• WORK TO COMPLETE
Can you copy out the data exactly? Leave the images out.

***** DATASET EXTRACT

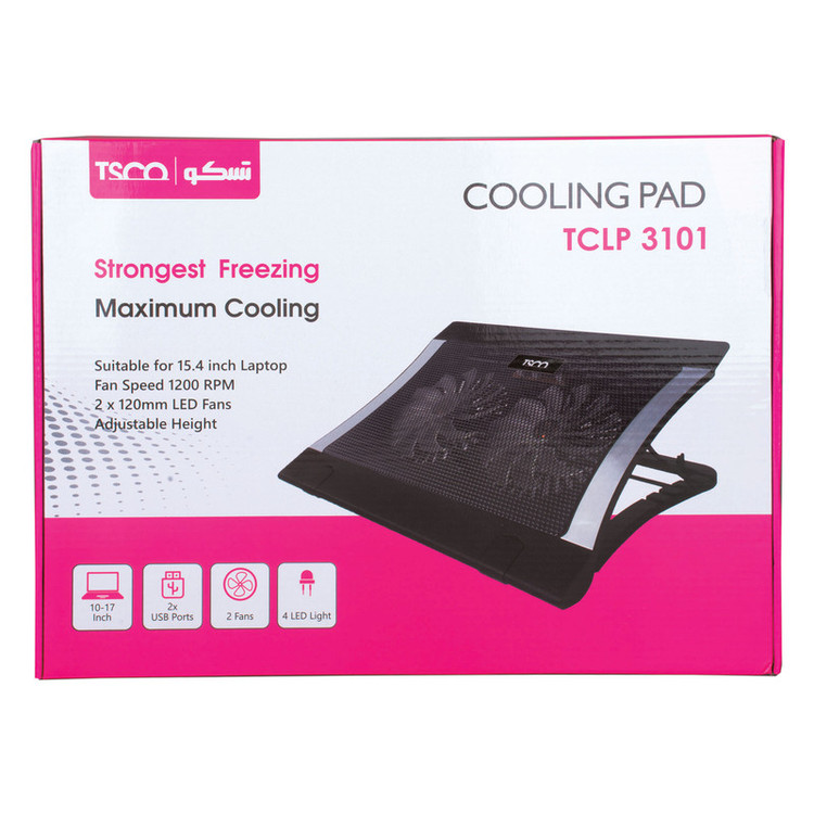 ابعاد: 360x270x23 میلیمتر مناسب برای سیستم های گیم و فنی ارتفاع قابل تنظیم دارای چراغ LED دارای فناوری فن بی صدا سرعت چرخش فن RPM 2500 دارای 2 پورت USB
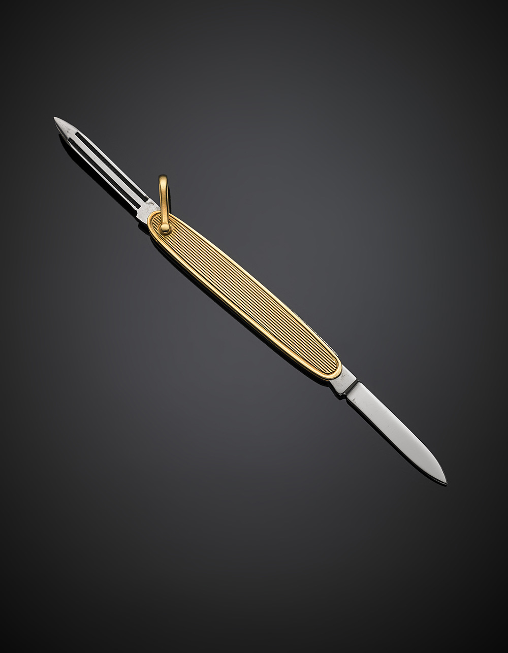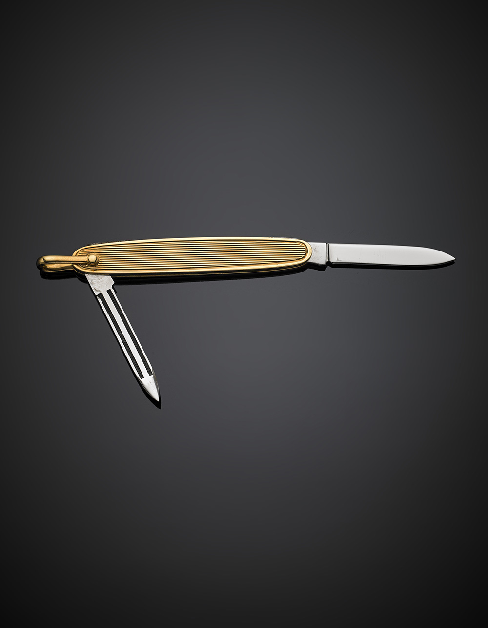 Coltellino da tasca in oro giallo rigato, lordi g 26,96, lungh. cm 7,5 circa.
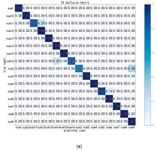 The confusion matrix of some models’ test results on the test set is shown in Figure 12, where (a) is the confusion matrix of our proposed methods, (b) is the confusion matrix of the EfficientNetv2-s, (c) is the confusion matrix of MobileNetv3, and (d) is the confusion matrix of ResNet18. In the confusion matrix, darker colors have higher values. It can be intuitively seen from the confusion matrix that our method can achieve accurate classification of various types of radar signals.

**********

• TASK ANSWER
 ابعاد: 360x270x23 میلیمتر مناسب برای سیستم های گیم و فنی ارتفاع قابل تنظیم دارای چراغ LED دارای فناوری فن بی صدا سرعت چرخش فن RPM 2500 دارای 2 پورت USB
 Coltellino da tasca in oro giallo rigato, lordi g 26,96, lungh. cm 7,5 circa.
 The confusion matrix of some models’ test results on the test set is shown in Figure 12, where (a) is the confusion matrix of our proposed methods, (b) is the confusion matrix of the EfficientNetv2-s, (c) is the confusion matrix of MobileNetv3, and (d) is the confusion matrix of ResNet18. In the confusion matrix, darker colors have higher values. It can be intuitively seen from the confusion matrix that our method can achieve accurate classification of various types of radar signals.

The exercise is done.